To do: Where an entry below contains an image, skip the image and copy the rest exactly.

Data to examine:
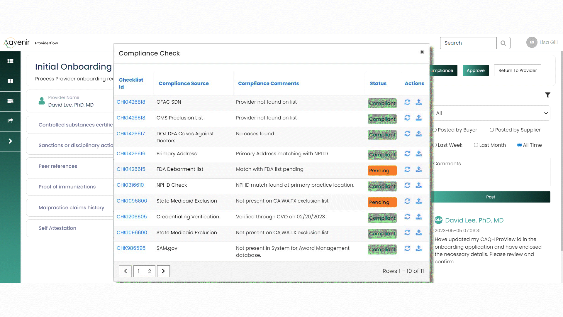 Verify NPI IDs, addresses, and CAQH credentials and receive real-time alerts for non-compliance against HHS-OIG, FDA, State Medicaid and other federal and state exclusion lists.
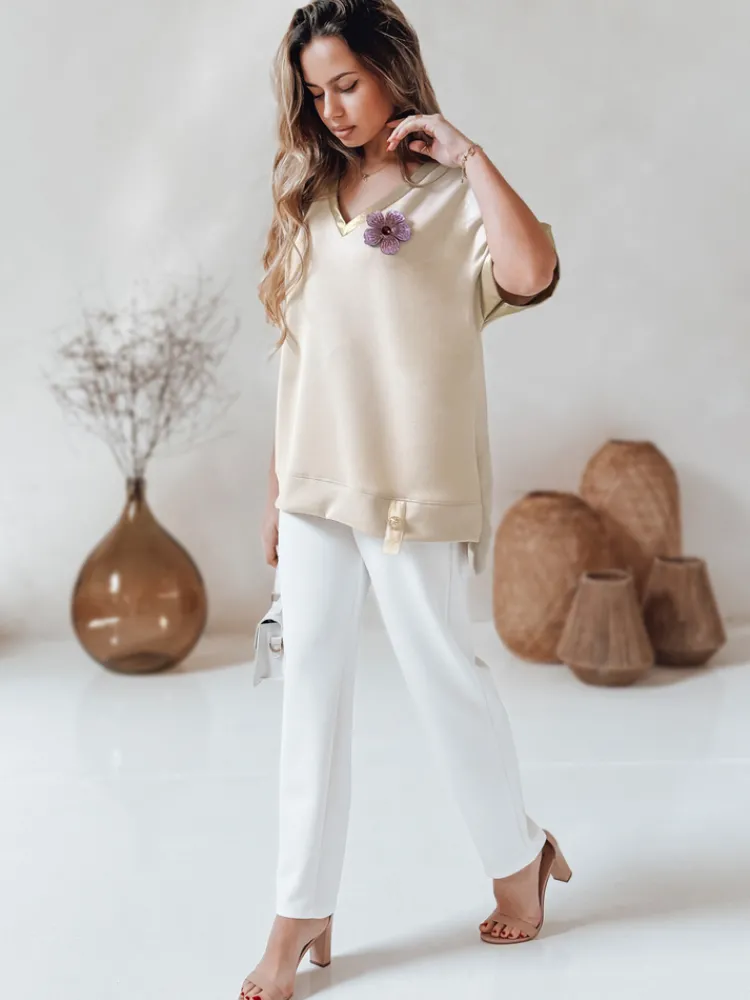 Bluzka damska oversize w stylu casualowym z efektownym wykończeniem to idealna baza dla wielu wiosennych stylizacji. Uniwersalny rozmiar pasuje od XS do L. Dekolt w serek pięknie eksponuje szyję, a rękawy zakończone ozdobnymi paskami dodają szyku. Model zdobi kwiatowy motyw z cyrkonii na piersi oraz mały guzik wszyty na dole. Dłuższy tył świetnie komponuje się zarówno ze spodniami typu slim fit, jak i spódnicami.
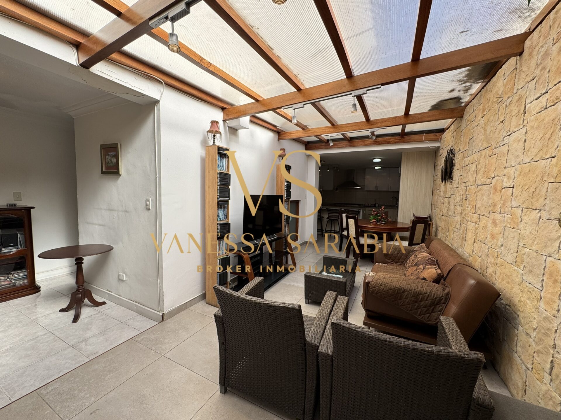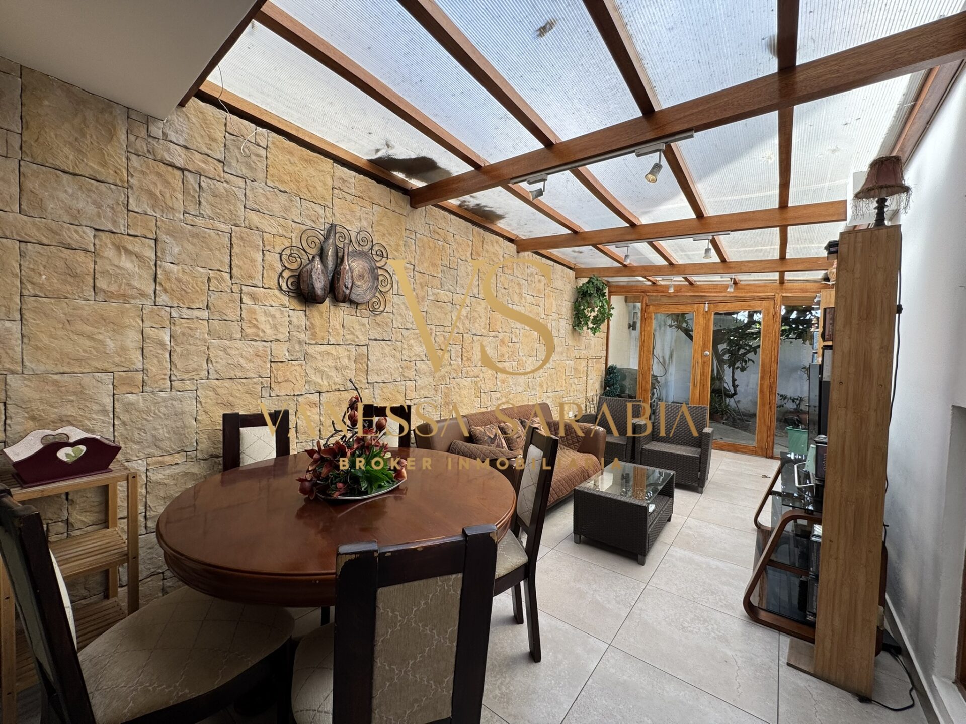 Sala de estar bajo pérgola con salida al jardín
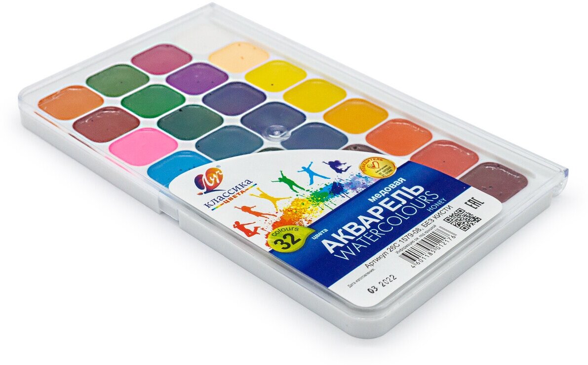 Краски акварельные для рисования 'Классика', набор 32 цвета, без кисти, Луч информация:
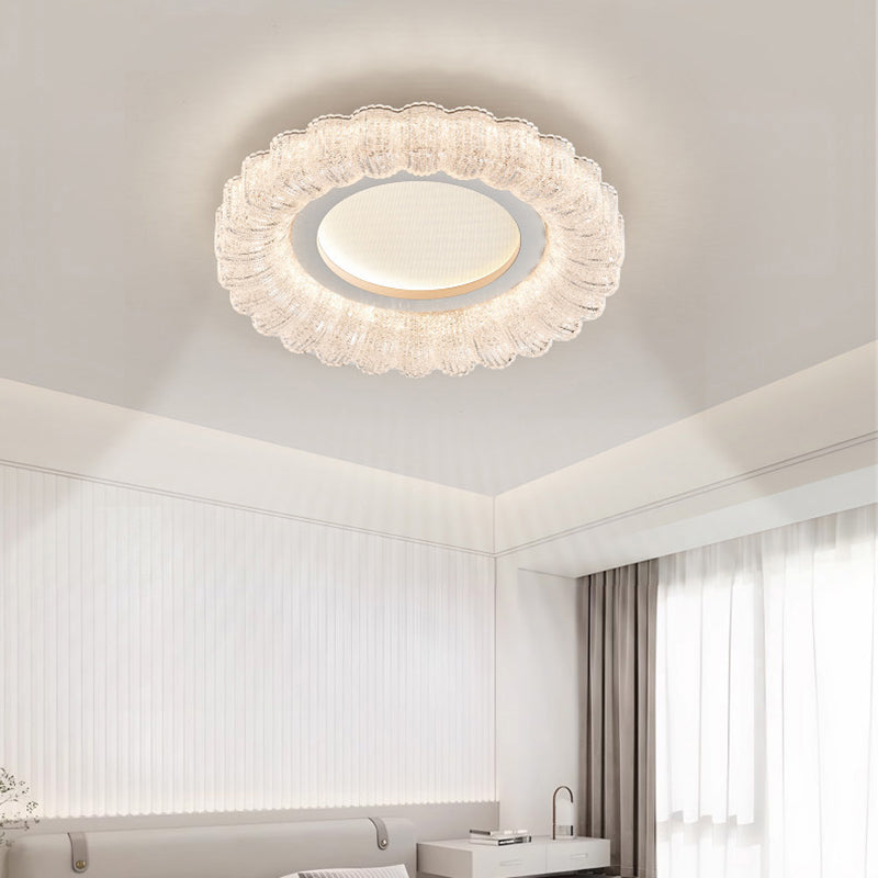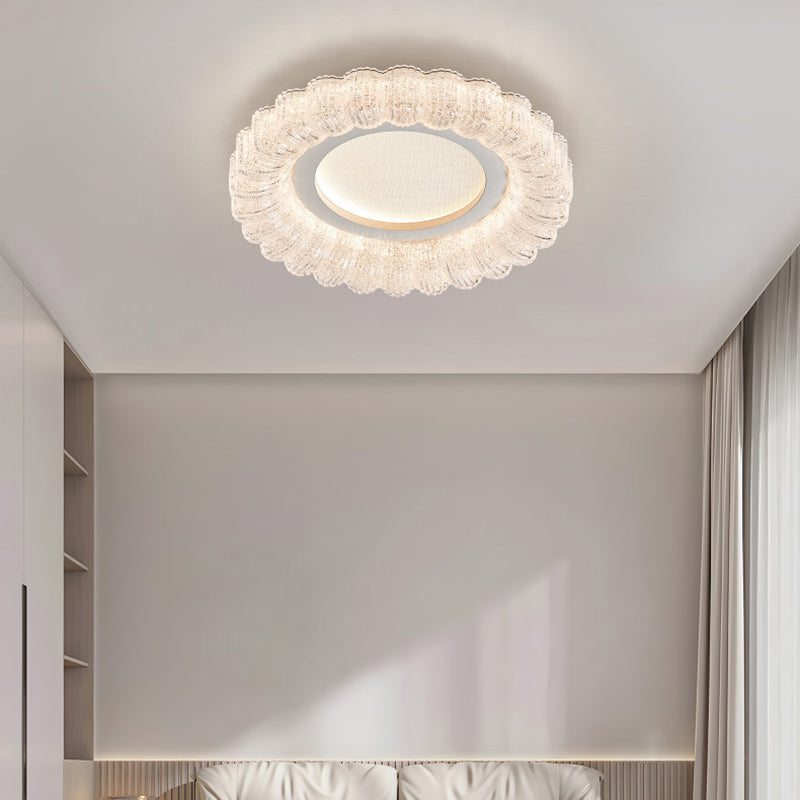 Modern Minimalist Round Flower Petal Hardware Acrylic LED Flush Mount Ceiling Light For Living Room
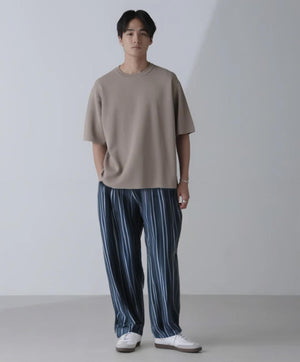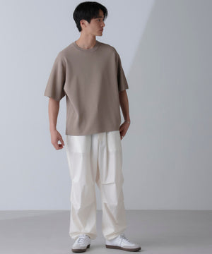 ・レーヨン混のミラノリブ半袖クルーネック
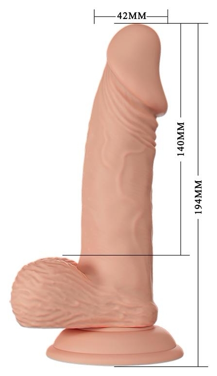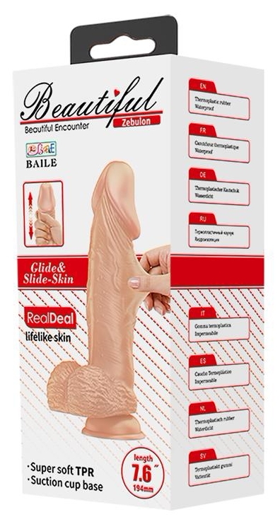 Replica realistică Baile Zebulon - 24 cm total, 18 cm inserabil, diametru 5 cm. Exterior TPR moale și miez ferm pentru stabilitate. Ventuză robustă pentru fixaj hands-free. Viguros la apă, ușor de curățat.
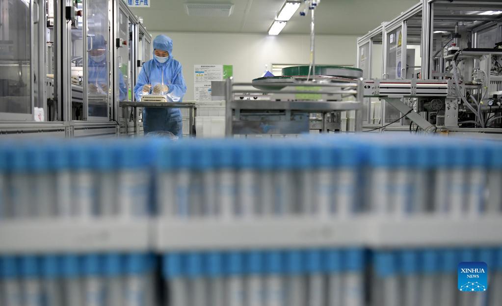 A staff member works at a pharmaceutical packaging material enterprise in Cangxian County, north China's Hebei Province, Sept. 9, 2021. There are more than 1,000 pharmaceutical packaging materials manufacturers in Cangxian County. (Xinhua/Luo Xuefeng)
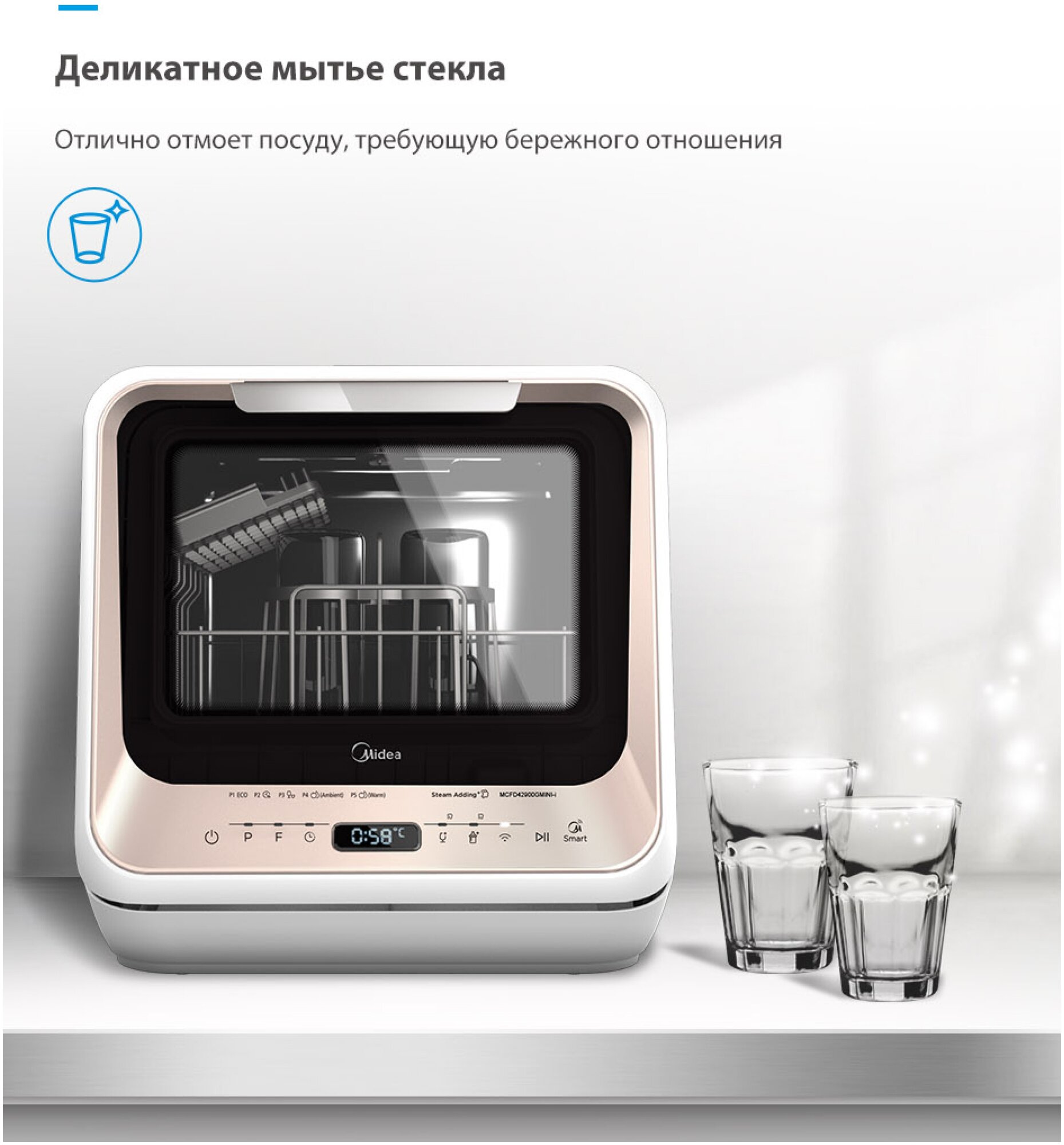 Компактная настольная посудомоечная машина Midea MCFD-42900 Mini шириной 42 см. Благодаря низкому уровню энергопотребления посудомоечной машине присвоен класс энергоэффективности А. Также качеству мойки и сушки присвоен класс А. Уровень шума во время работы не превышает 58 дБ. Вместимость посудомоечной машины позволяет загружать одновременно до 2 комплектов посуды. За стандартный цикл работы расходуется 5 литров воды. Midea MCFD-42900 Mini оснащена электронным блоком управления и цифровым дисплеем. Функционал модели дополнен 6 различными программами мытья посуды и 4 температурными режимами. Среди программ есть интенсивный режим, экспресс-цикл. Также предусмотрена специальная программа для мытья хрупкой посуды, детский режим. Предусмотрена турбосушка посуды. Таймер откладывает начало работы до 24 часов. Система индикации сообщает о наличии ополаскивателя. Моечная камера подсвечивается изнутри.

Output of the task:
 Verify NPI IDs, addresses, and CAQH credentials and receive real-time alerts for non-compliance against HHS-OIG, FDA, State Medicaid and other federal and state exclusion lists.
 Bluzka damska oversize w stylu casualowym z efektownym wykończeniem to idealna baza dla wielu wiosennych stylizacji. Uniwersalny rozmiar pasuje od XS do L. Dekolt w serek pięknie eksponuje szyję, a rękawy zakończone ozdobnymi paskami dodają szyku. Model zdobi kwiatowy motyw z cyrkonii na piersi oraz mały guzik wszyty na dole. Dłuższy tył świetnie komponuje się zarówno ze spodniami typu slim fit, jak i spódnicami.
 Sala de estar bajo pérgola con salida al jardín
 Краски акварельные для рисования 'Классика', набор 32 цвета, без кисти, Луч информация:
 Modern Minimalist Round Flower Petal Hardware Acrylic LED Flush Mount Ceiling Light For Living Room
 ・レーヨン混のミラノリブ半袖クルーネック
 Replica realistică Baile Zebulon - 24 cm total, 18 cm inserabil, diametru 5 cm. Exterior TPR moale și miez ferm pentru stabilitate. Ventuză robustă pentru fixaj hands-free. Viguros la apă, ușor de curățat.
 A staff member works at a pharmaceutical packaging material enterprise in Cangxian County, north China's Hebei Province, Sept. 9, 2021. There are more than 1,000 pharmaceutical packaging materials manufacturers in Cangxian County. (Xinhua/Luo Xuefeng)
 Компактная настольная посудомоечная машина Midea MCFD-42900 Mini шириной 42 см. Благодаря низкому уровню энергопотребления посудомоечной машине присвоен класс энергоэффективности А. Также качеству мойки и сушки присвоен класс А. Уровень шума во время работы не превышает 58 дБ. Вместимость посудомоечной машины позволяет загружать одновременно до 2 комплектов посуды. За стандартный цикл работы расходуется 5 литров воды. Midea MCFD-42900 Mini оснащена электронным блоком управления и цифровым дисплеем. Функционал модели дополнен 6 различными программами мытья посуды и 4 температурными режимами. Среди программ есть интенсивный режим, экспресс-цикл. Также предусмотрена специальная программа для мытья хрупкой посуды, детский режим. Предусмотрена турбосушка посуды. Таймер откладывает начало работы до 24 часов. Система индикации сообщает о наличии ополаскивателя. Моечная камера подсвечивается изнутри.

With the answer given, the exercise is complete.